Odd first post. Especially with the recent closed thread.... 

It is the right of a man to discipline his wife and family in the uae.... only is an issue is he leaves marks on them. 

Best to stay out of that families business unless your friend asks you for help. You can show him options but in the end, you should not change the fate of your friends life or his brothers/sisters/mother to be sent back to maybe a much worse situation. Leave it in his hands.

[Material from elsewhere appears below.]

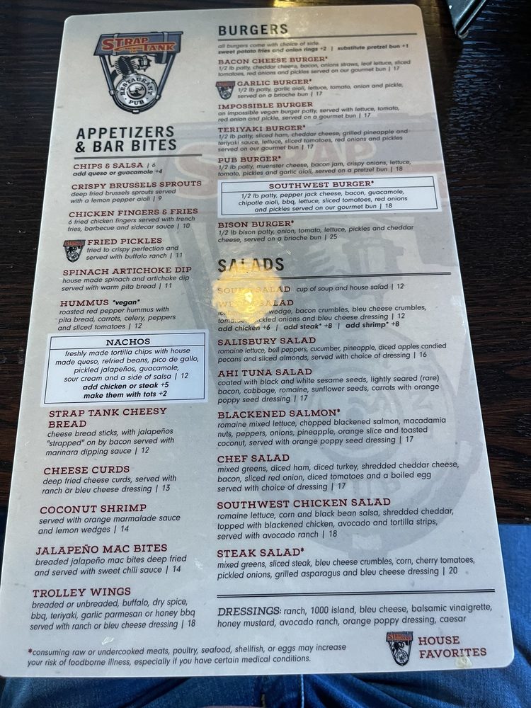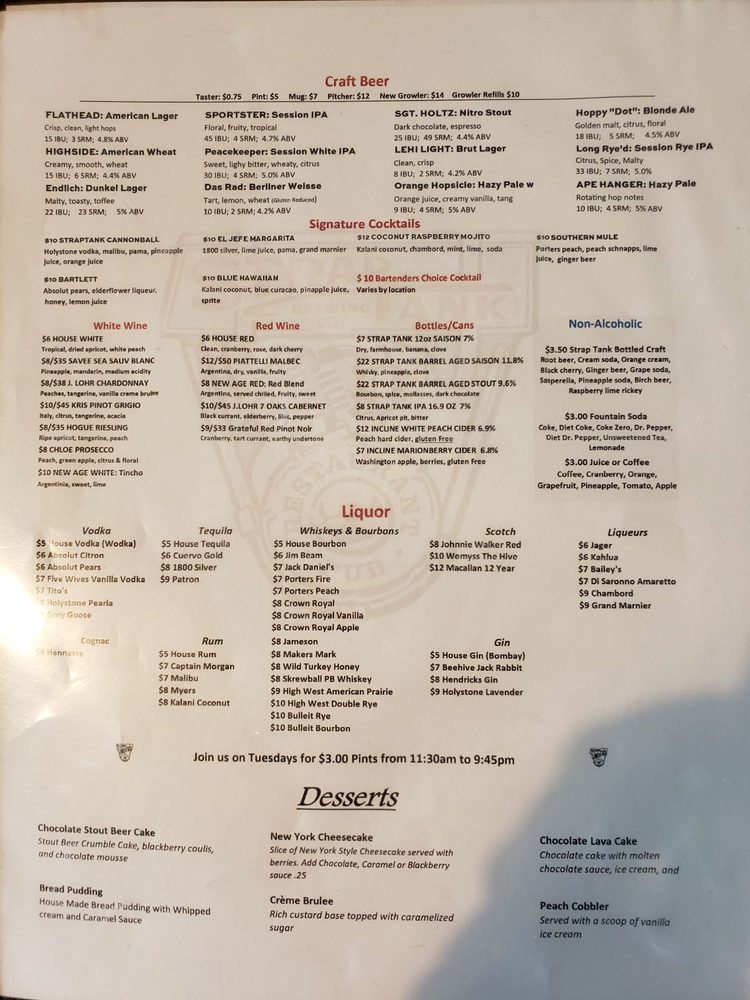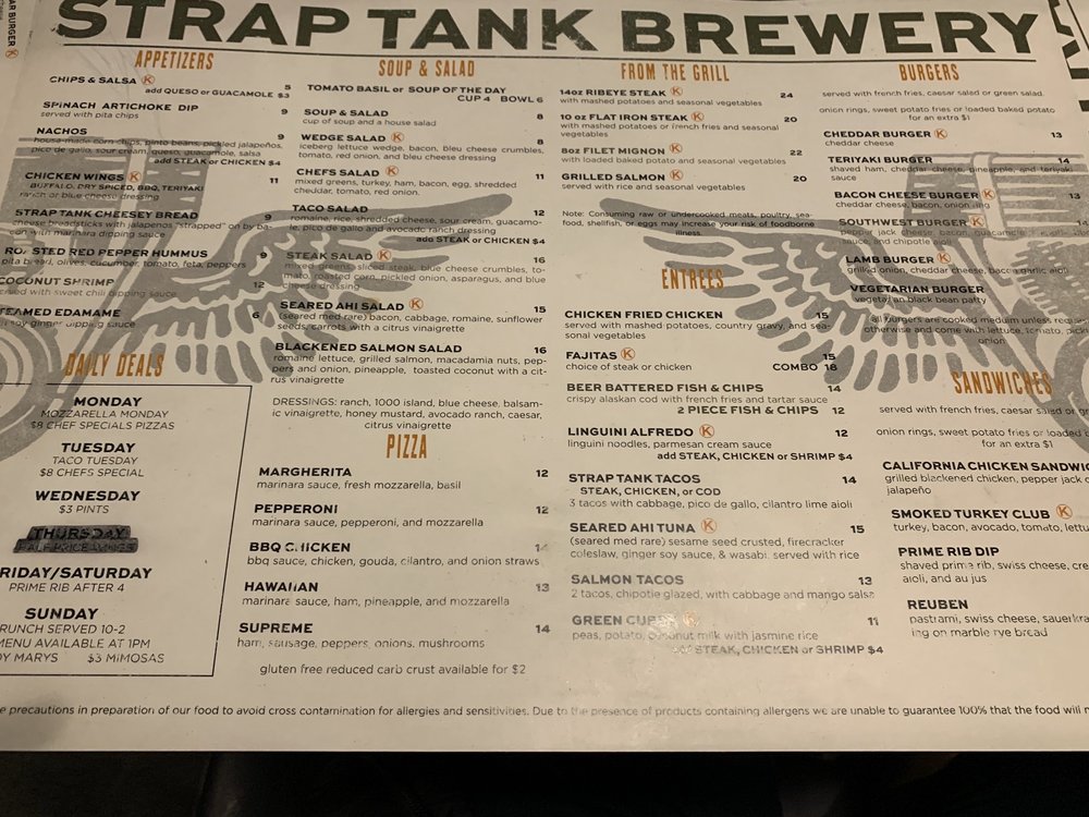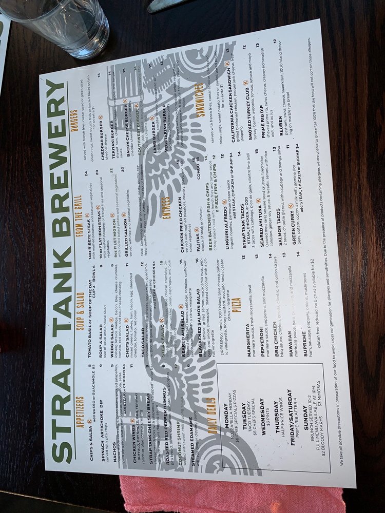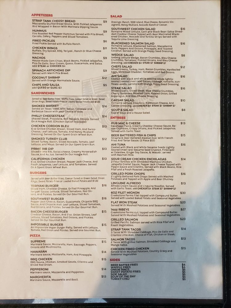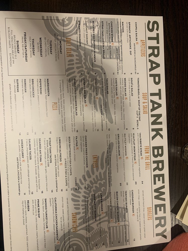 Strap Tank Brewery, located in Lehi, UT, offers a diverse menu of comfort food with a modern twist in a classy atmosphere. From their flavorful chicken wings and crispy coconut shrimp appetizers to their hearty bone-in ribeye steak entree, there is something for everyone to enjoy. Their burgers, like the bacon cheeseburger and teriyaki burger, are packed with bold flavors and fresh ingredients. The menu also includes options for vegetarians and gluten-free diners. With amenities like outdoor seating, free Wi-Fi, and a full bar, Strap Tank Brewery is a great spot for gatherings of all kinds. The brewery even offers happy hour specials and caters to dog lovers with their pet-friendly outdoor seating. Don't miss the opportunity to experience the unique dining experience at Strap Tank Brewery!

(Is hard for me to say that when what I really want to say is tell me his address so I can go over there with a baseball bat and beat the crap out of him myself  )


----------



## Omer121 (Apr 2, 2013)

I talked to him about this but he is scared that if he does something than his sister whose is in pakistan (she is in university) his family members who are wild , mad people might harm her and he is a type of guy who is very sensitive in these matters.


----------



## Omer121 (Apr 2, 2013)

BedouGirl said:


> Please tell your friend to contact this organization urgently
> 
> This shelter has been set up, under the patronage of Sheikh Mohammed, for precisely this reason and is open to all nationalities.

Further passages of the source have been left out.